> WORK INSTRUCTION: Leave the pictures out, and transcribe the material below exactly from the line with "防盗芯片类型:46 NXP794x(电子芯片) 匹配前芯片状态: 使用VVD匹配,匹配前特殊专用46,或者使用原厂钥匙" to the line with "Skrzynki z ukorzeniającymi", both lines included.

|---|

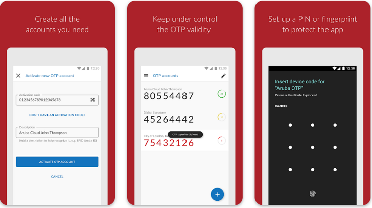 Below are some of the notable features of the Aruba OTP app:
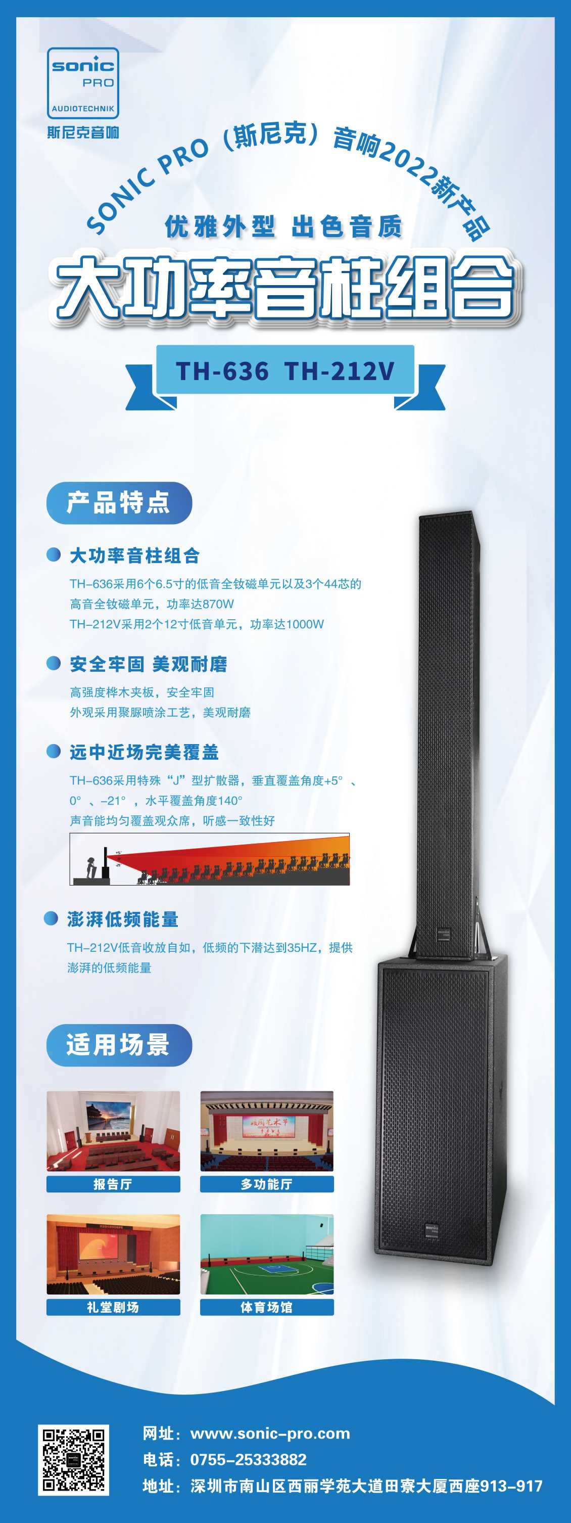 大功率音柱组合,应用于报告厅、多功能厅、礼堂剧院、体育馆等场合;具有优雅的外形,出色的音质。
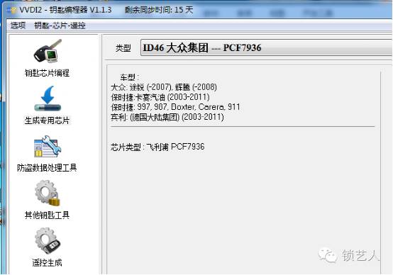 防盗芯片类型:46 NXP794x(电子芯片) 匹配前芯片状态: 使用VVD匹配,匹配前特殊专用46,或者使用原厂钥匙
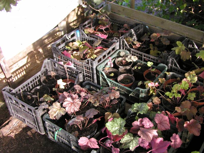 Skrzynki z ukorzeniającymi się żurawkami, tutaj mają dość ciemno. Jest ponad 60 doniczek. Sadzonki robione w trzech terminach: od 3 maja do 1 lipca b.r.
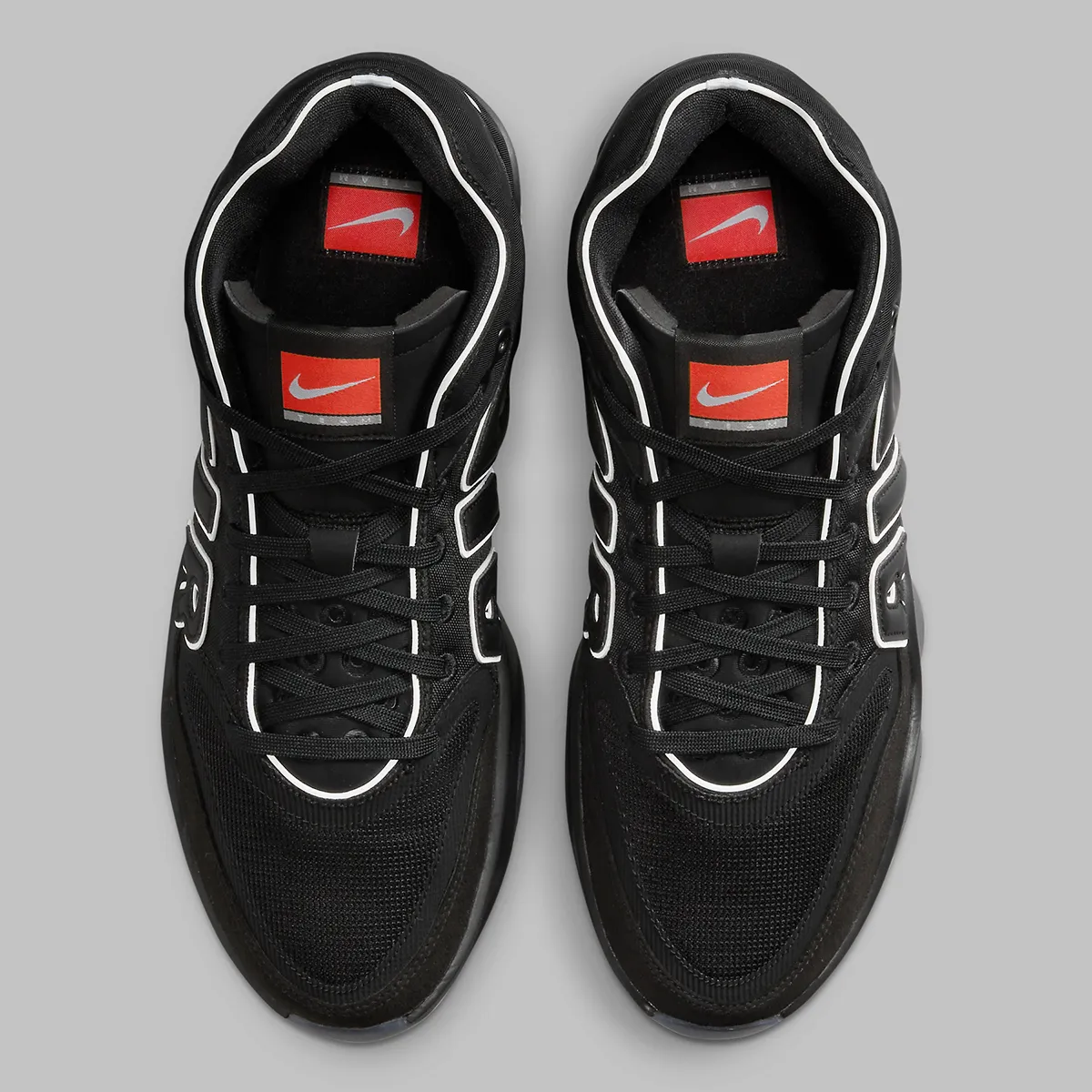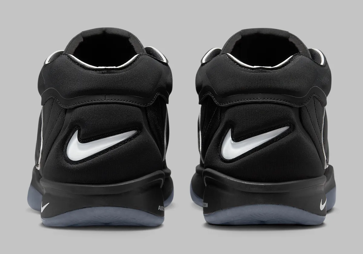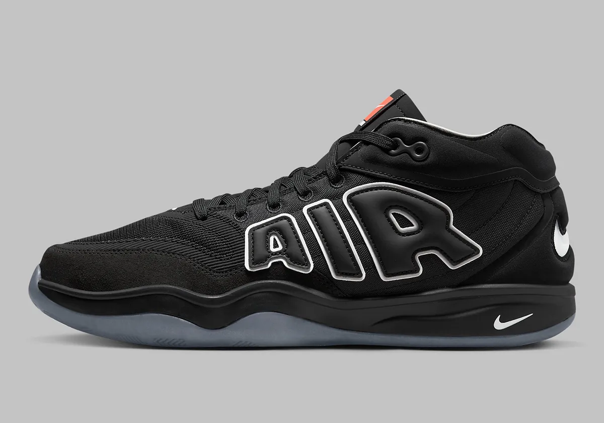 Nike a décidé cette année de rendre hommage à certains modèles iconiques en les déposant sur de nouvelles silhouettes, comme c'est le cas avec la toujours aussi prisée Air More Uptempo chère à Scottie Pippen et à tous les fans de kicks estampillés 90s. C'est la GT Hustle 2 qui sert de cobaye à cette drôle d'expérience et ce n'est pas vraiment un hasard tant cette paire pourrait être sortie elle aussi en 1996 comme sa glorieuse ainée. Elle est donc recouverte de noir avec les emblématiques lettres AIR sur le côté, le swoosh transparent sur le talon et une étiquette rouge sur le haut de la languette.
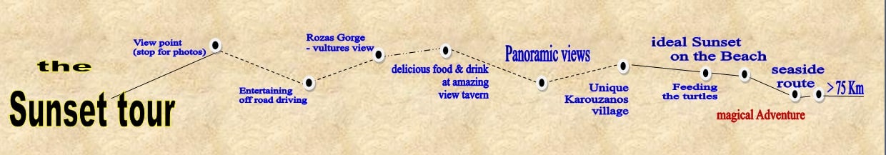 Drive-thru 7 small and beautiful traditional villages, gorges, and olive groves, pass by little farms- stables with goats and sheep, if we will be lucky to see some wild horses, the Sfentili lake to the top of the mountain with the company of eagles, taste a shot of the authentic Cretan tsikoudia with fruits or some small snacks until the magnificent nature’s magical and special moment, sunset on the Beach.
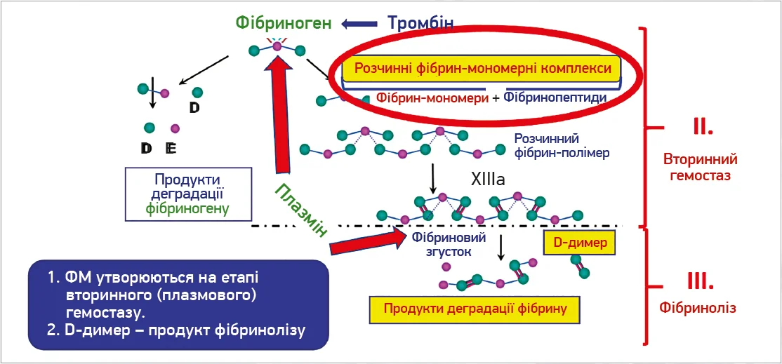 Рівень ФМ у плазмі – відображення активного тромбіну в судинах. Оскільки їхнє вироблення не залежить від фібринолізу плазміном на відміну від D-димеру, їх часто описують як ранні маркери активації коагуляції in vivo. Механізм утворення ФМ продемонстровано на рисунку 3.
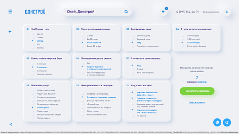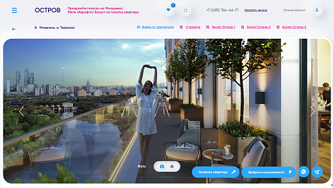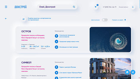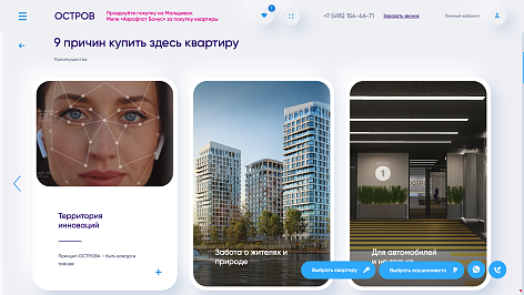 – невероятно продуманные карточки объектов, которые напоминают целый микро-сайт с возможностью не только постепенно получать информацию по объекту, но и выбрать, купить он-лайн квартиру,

|---|

> RESPONSE TO THE EXERCISE:
 防盗芯片类型:46 NXP794x(电子芯片) 匹配前芯片状态: 使用VVD匹配,匹配前特殊专用46,或者使用原厂钥匙
 Skrzynki z ukorzeniającymi się żurawkami, tutaj mają dość ciemno. Jest ponad 60 doniczek. Sadzonki robione w trzech terminach: od 3 maja do 1 lipca b.r.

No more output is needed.